La Impresionante Esposa Dragón - Capítulo 4
Tamaño de Fuente
Tipo de Fuente
Color de Fondo
4: Capítulo 4 4: Capítulo 4 La acción en el interior era demasiado intensa y no se habían dado cuenta de que alguien había llegado.
Zhang Xiaoshan espió a través de los huecos entre las cañas de maíz.
De verdad eran Luo Meili y Wu Yong.
Luo Meili solo llevaba un fino camisón de tirantes; se le había caído una zapatilla y solo le quedaba una en el pie.
Wu Yong la abrazaba con fuerza por la espalda, intentando arrancarle el camisón.
Aunque Luo Meili se resistía con desesperación, su fina prenda ya estaba medio bajada, dejándola al descubierto.
—Je, je, je, cuanto más te resistes, más me excito, Tía Meili, déjate llevar.
Llevas seis o siete años viuda, qué duro debe de ser.
Deja que te cuide bien esta noche.
Luo Meili estaba al borde de las lágrimas.
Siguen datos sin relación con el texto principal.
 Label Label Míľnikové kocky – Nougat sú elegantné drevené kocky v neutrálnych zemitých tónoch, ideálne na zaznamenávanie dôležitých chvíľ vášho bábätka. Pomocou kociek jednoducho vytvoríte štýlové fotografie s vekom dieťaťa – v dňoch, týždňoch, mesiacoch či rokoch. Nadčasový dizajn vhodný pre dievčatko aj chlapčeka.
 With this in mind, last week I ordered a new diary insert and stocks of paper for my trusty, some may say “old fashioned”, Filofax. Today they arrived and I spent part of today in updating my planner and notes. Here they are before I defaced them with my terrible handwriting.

—Wu Yong, ¿no tienes vergüenza?
Soy tu tía.
¿Cómo puedes forzarme así?
Si esto se sabe, ¿con qué cara voy a vivir?
Wu Yong tenía una sonrisa babosa en el rostro.
—Tía, no tengas miedo, de esto solo sabemos el cielo, la tierra, tú y yo; nadie más lo sabrá, te lo prometo.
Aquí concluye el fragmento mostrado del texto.